If you run into any issues or have questions, for the time being the thread being used for Fermentrack-related discussion is this one. Feel free to post over there or send me a PM on the forum and I'm happy to help.
 
Hello, was hoping for a little help troubleshooting my brewpi. I set mine up exactly as Fuzze specs out on the first post (man this thread has gotten long since then) - I think it was at around 200 when I built mine. Anyway - my brewpi was functioning flawlessly, then I moved. It was in storage for 8 months. Now I'm all set back up, plug it all in and nothing on the monitor. The RaspPi does nothing. I get green and red solid lights but no flicker and no boot up sequence like I used to.

My question is - what do you think the order of things would be to troubleshoot this? I can get a miniSDcard adapter to check the card, but what would I be looking for? How could I check to see if the RaspPi is bad? I did check the monitor and it works fine, unplugged everything from the device to see if it would flicker a little and boot when powered back up, nothing. Just sits there. Thoughts?

Thanks // Brian
 
...my brewpi was functioning flawlessly, then I moved. It was in storage for 8 months. Now I'm all set back up, plug it all in and nothing on the monitor. The RaspPi does nothing. I get green and red solid lights but no flicker and no boot up sequence like I used to....

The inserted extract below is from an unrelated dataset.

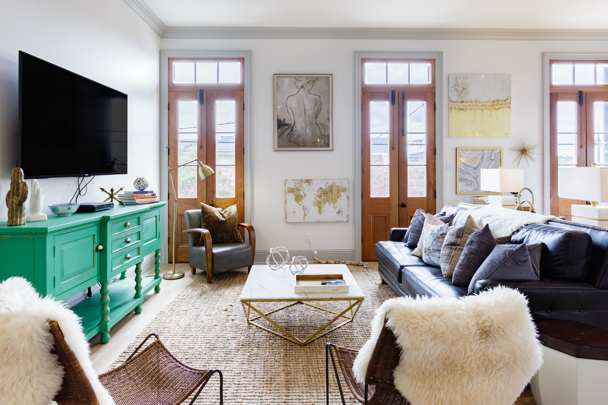 Nikmati & berehat di LE HIBOU BLANC ST ANTHONY yang hebat di Marigny Triangle! - Konsep terbuka sesuai untuk bersantai bersama. - 3 blok ke French Quarter dan Frenchmen Street. - Ruang tamu utama berada di tingkat dua dengan balkoni. - Lihat buku panduan Chris + Caroline untuk tempat dan aktiviti tempatan terbaik berdekatan! - Trem ke pusat bandar hanya beberapa langkah jauhnya. - Kedai runcit tempatan & farmasi berada berhampiran. - Rumah yang indah, bersejarah & berwarna-warni untuk dikagumi!

Sounds like it's not reading the operating system on SD card. How did you go about powering down the Raspberry Pi?

Did you make a backup of the SD card?
 
Yeah, that was my hunch. Looking for a backup of the SD card, but most likely its gone after 3+ years. By powering down - do you mean when it worked? (sudo shutdown) or my attempts recently to get it up and running? - pulled power.
 
Initially. It sounds to me like you may have a corrupted SD card. As you know pulling the power is not a good idea.

If you have a spare SD card you can try a fresh install of Raspbian to see if it's a card or board issue.

I have a Raspberry Pi B+ that won't boot up and I'm about to toss it and get a Pi 3. I only get solid red/green LED's and I'm not sure what the issue is.